We are smack in the middle of summer. What does that mean for us in the Florida panhandle? It's hot, it's humid, mosquitos are out in full force, the garden is producing heavily and we are busy harvesting and preserving food.
I might have been a little ambitious, as we set out earlier this year in expanding the garden and quadrupling it in size. We went from a few raised beds, to doubling up on raised garden beds and adding another 1,000sqft inground garden to the mix.
I thought I could handle it. In case you are wondering how we are managing this large garden, ... we are failing! I might have (insert sarcasm) underestimated how much time I would spend away from home tending to my full-time employment.

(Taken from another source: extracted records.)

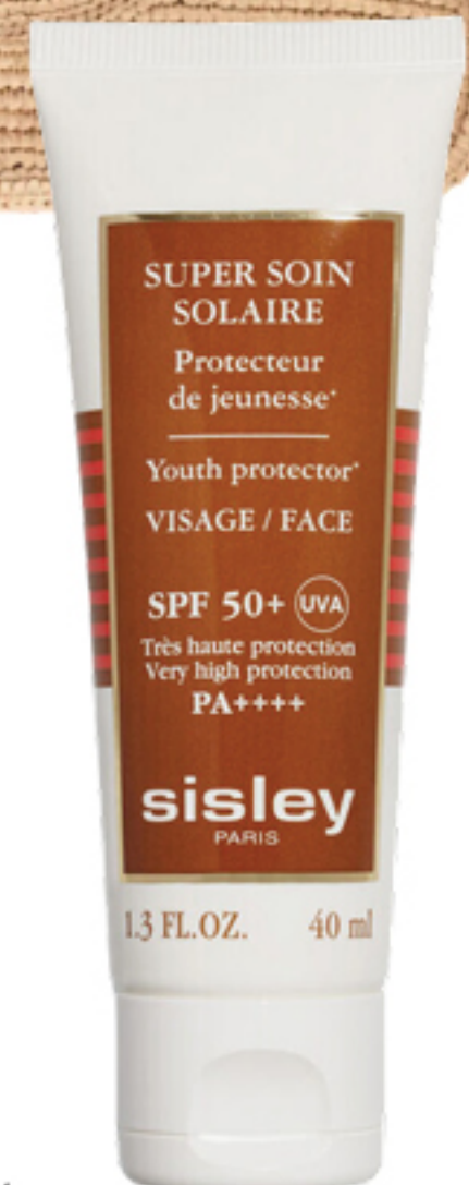
SISLEY PARIS, R$ 1.590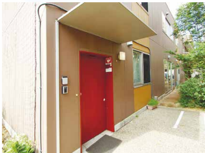
土地：事業者非所有、建物：事業者所有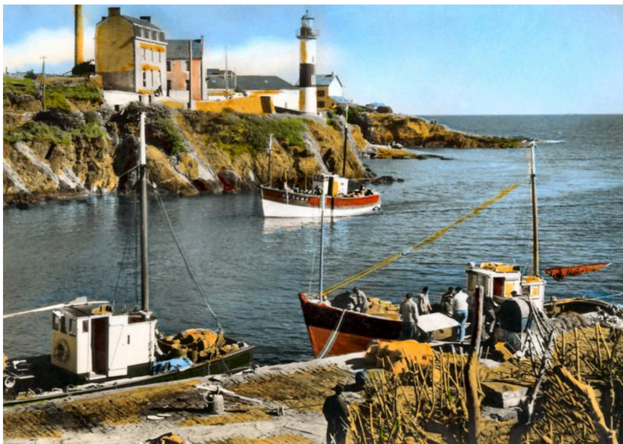
Ancienne conserverie Capitaine Cook dans les années 1950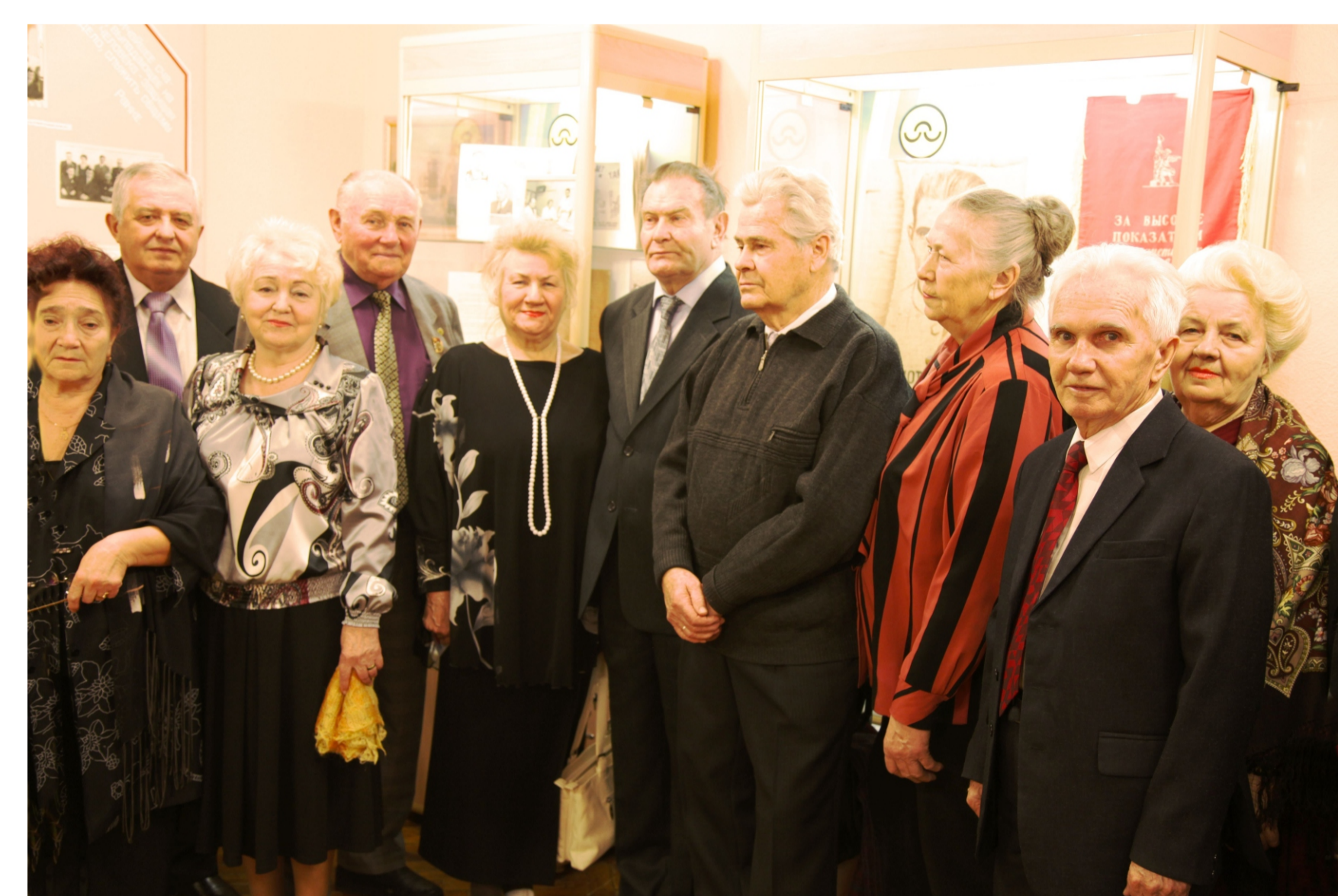
Ветераны завода в музее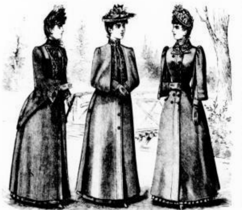
Cleopatra. Regen-Dolman, nicht gestickt // 29, ohne Stickerei // 15, 18 u. 21. Ninon. Binden-Regenmantel // 18, 24 u. 27, ohne Stickerei // 14, 16 u. 18. Gabriele. Regenmantel // 28 u. 35, ohne Stickerei // 22 u. 27.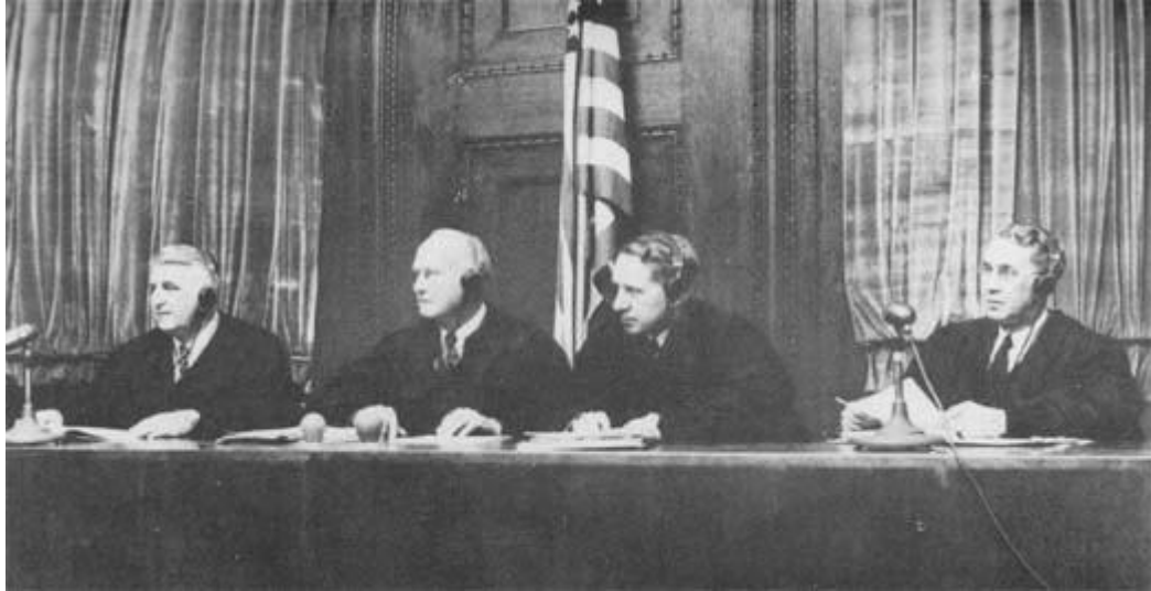
Figura 5. Jueces del Tribunal de Nuremberg.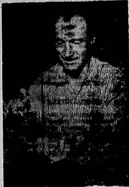
Lugano entusiasma os italianos

Os jogadores brasileiros demonstraram — como já o tinham feito no jogo anterior com aquela equipe mista — um jogo de combinação, cuja eficácia apenas pode ser comparada com a pureza dos movimentos.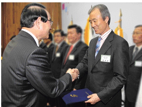
사천시가 2006년도 지방재정분석 우수기관으로 선정되어 지난 3월 26일(월) 오후 2시 30분에 충남도청 강당에서 행정자치부

장관 표창과 상사업비 1억원을 받았다. 지난해 행정자치부가 지방자치단체의 재정운영의 건전성과 효율성을 유도하고 주민에 의한 자율통제와 자치단체 간 선의의 경쟁을 통해 지방재정 발전을 목적으로 실시한 지방재정 분석 평가에서 A등급을 받은 적 이 있다. 지방재정 건전성 운용 평가는 지방세입, 재정관리, 채무관리, 재정투명성 등 30개 항목을 지표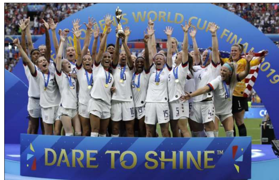
▲ La selección estadounidense conquistó el mundial hace tres años en Francia.

Los acuerdos son el fruto de años de protestas de las integrantes del laureado seleccionado femenino. Con sus estrellas Alex Morgan y Megan Rapinoe a la cabeza, la lucha por la igualdad salarial fue más intensa durante la marcha a la conquista del título en el mundial de 2019. El clamor por el pago equi-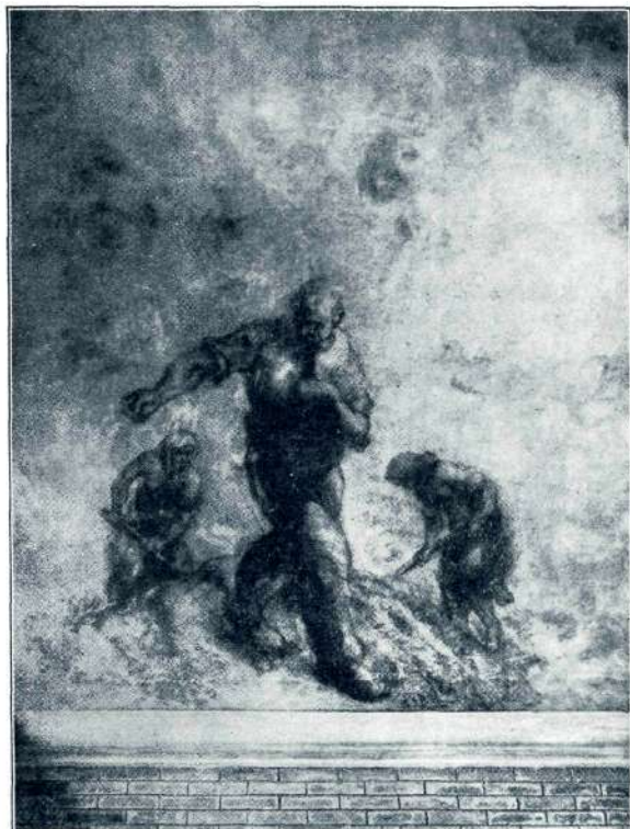
R. JAKOPIČ: DOMAČIJA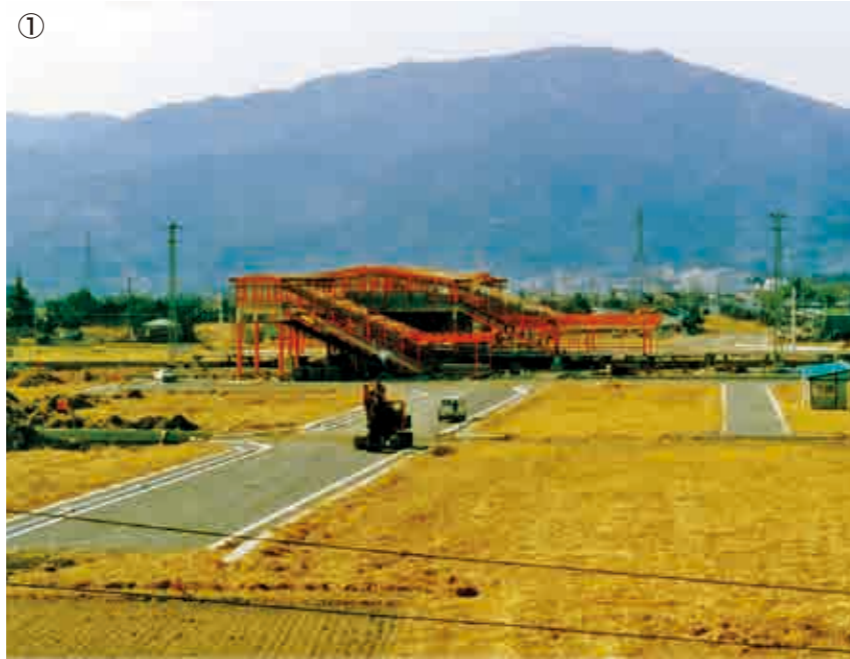
① 建設中の開成駅 ② 西口のロータリー(写真は2003年頃) ③ ロマンスカー3100形デハ3181(ロンちゃん)は今年で誕生60周年を迎える

We are extremely happy that the garden is producing, despite our shortcomings this year. Though we've had a few disappointments along the way, we have harvested hundreds of pounds of fresh produce and turned them into shelf-stable groceries through fermentation, pickling, and canning.
Being in the Florida Panhandle, we are technically zoned as 8b as per USDA growing zone. This is due to us being a bit further in-land and roughly 30 minutes North of the Gulf of Mexico. The nearest bigger city is Pensacola, which is growing zone 9a, due to it sitting right at the Gulf.
Dealing with heat and humidity during the hot summer months, and a fairly mild winter, we do get 2 growing seasons. If we had a greenhouse or high tunnel, this could easily be expanded to growing 24/7 & all year long. We do not have such additions yet here at the homestead and have to adjust and deal with whatever Mother Nature throws our way.
In 2022 this meant the weather remaining cooler then normal for longer, followed by extreme heat and draught, followed by torrential downpours daily for weeks at a time, followed by extreme heat again. Let me just tell you, my garden did not appreciate it. My tomatoes least of all, which resulted in an insulting tomato harvest this year and some hypothetical tears shed.
If I learned one thing about gardening in the last two years I've actively gardened, it's that things don't always work out the way you would like them to or how you had planned them out. I still have enough tomato sauce and spaghetti sauce from my harvest last year to last a while longer. Worst case scenario I'll give another local farmer some business buying tomatoes off them for my homemade sauces and ketchup.
The tomotoes may not have worked out well this year, but I'm pretty sure we have enough pickles for us, extended family and friends to last for a long time!